--- SOURCE DATA Enclosed Below ---
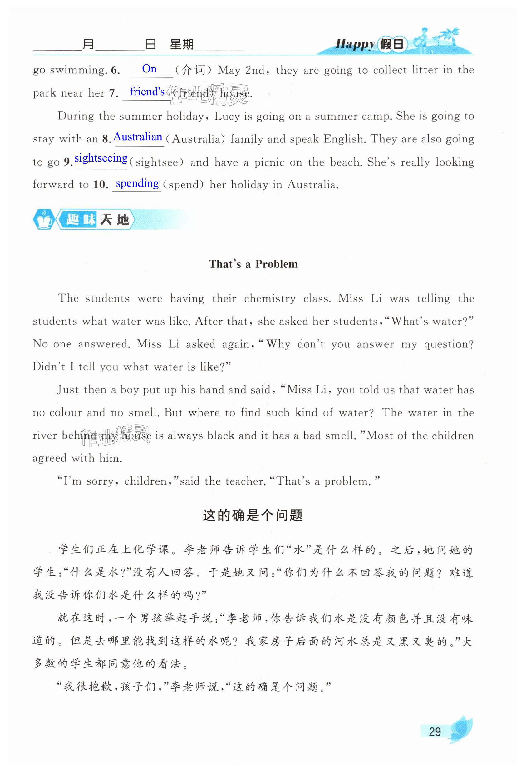 注:目前有些书本章节名称可能整理的还不是很完善,但都是按照顺序排列的,请同学们按照顺序仔细查找。练习册 2025年暑假Happy假日七年级英语全一册外研版 答案主要是用来给同学们做完题方便对答案用的,请勿直接抄袭。
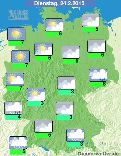 Am Dienstag ist es vor allem nach Nordwesten deutlich freundlicher als am Vortag, sonst halten sich jedoch weiterhin meist dichte Wolken, wobei sich die Niederschläge in Form von Schnee, Schneeregen und Regen meist auf den Süden und teils auf den Osten beschränken. Es werden kühle 3 bis 8 Grad erreicht.
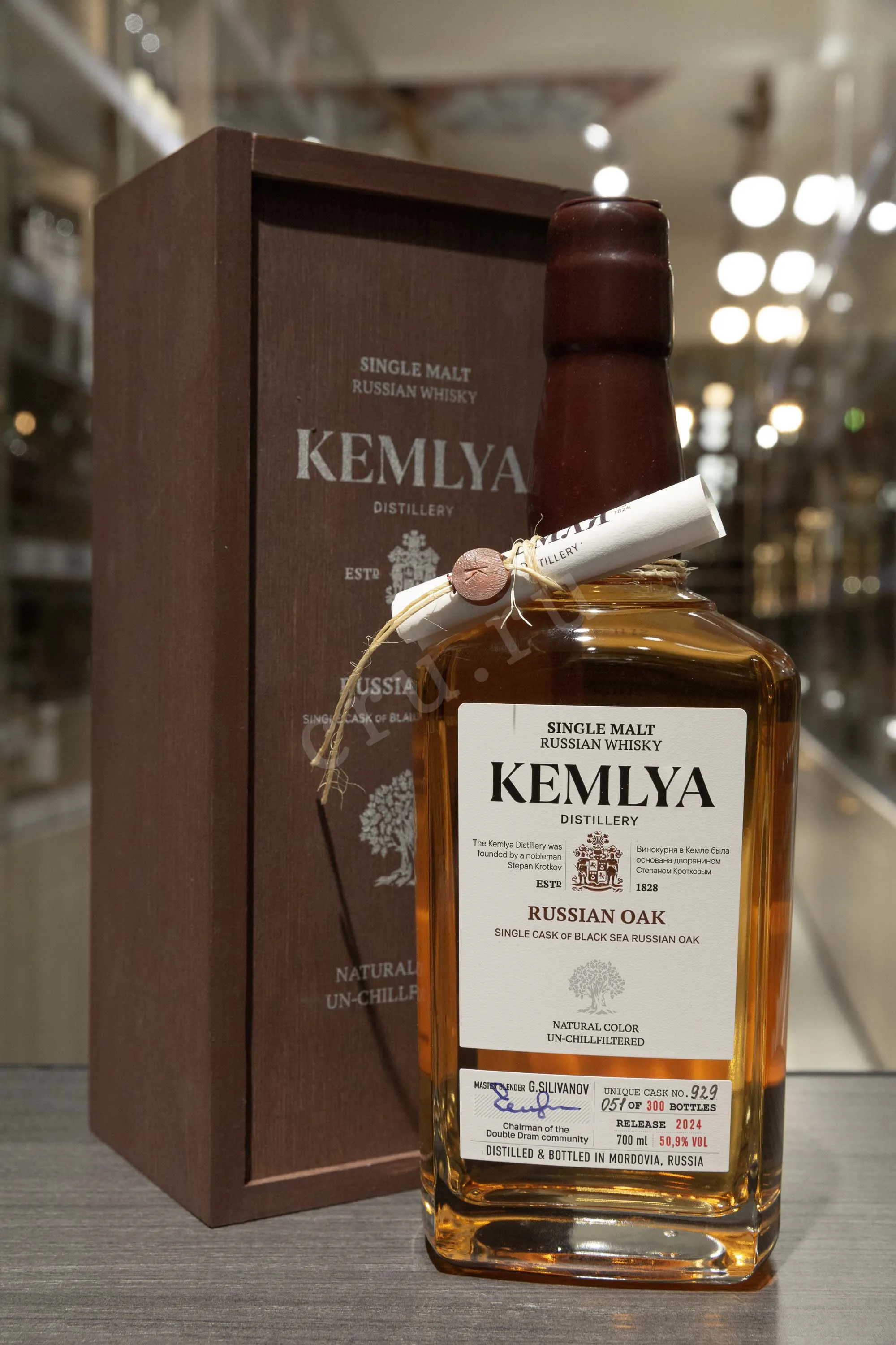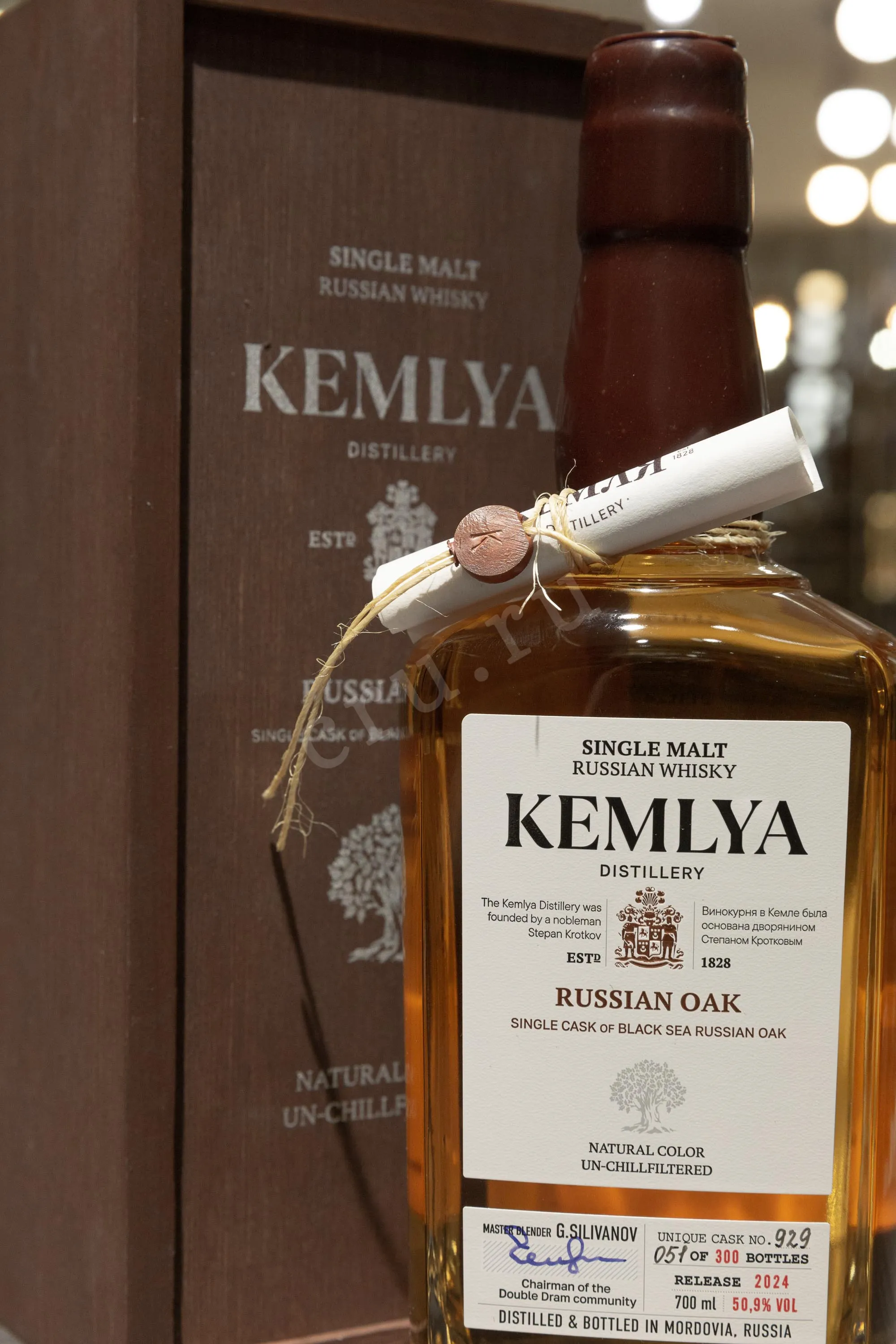 Kemlya Russian OAK wooden box 0.7 л купить - Российский виски Кемля Рашен ОУК в деревянной упаковке цена в магазинег. Москва, ул. Профсоюзная, д. 16/1010:00-22:00 Ежедневно+7 (495) 920-20-02info@cru.ru
--- End of Enclosed SOURCE DATA ---
▶ THE PROBLEM:
Give back the whole of the material exactly, with the pictures removed.

▶ TASK OUTPUT:
 注:目前有些书本章节名称可能整理的还不是很完善,但都是按照顺序排列的,请同学们按照顺序仔细查找。练习册 2025年暑假Happy假日七年级英语全一册外研版 答案主要是用来给同学们做完题方便对答案用的,请勿直接抄袭。
 Am Dienstag ist es vor allem nach Nordwesten deutlich freundlicher als am Vortag, sonst halten sich jedoch weiterhin meist dichte Wolken, wobei sich die Niederschläge in Form von Schnee, Schneeregen und Regen meist auf den Süden und teils auf den Osten beschränken. Es werden kühle 3 bis 8 Grad erreicht.
 Kemlya Russian OAK wooden box 0.7 л купить - Российский виски Кемля Рашен ОУК в деревянной упаковке цена в магазинег. Москва, ул. Профсоюзная, д. 16/1010:00-22:00 Ежедневно+7 (495) 920-20-02info@cru.ru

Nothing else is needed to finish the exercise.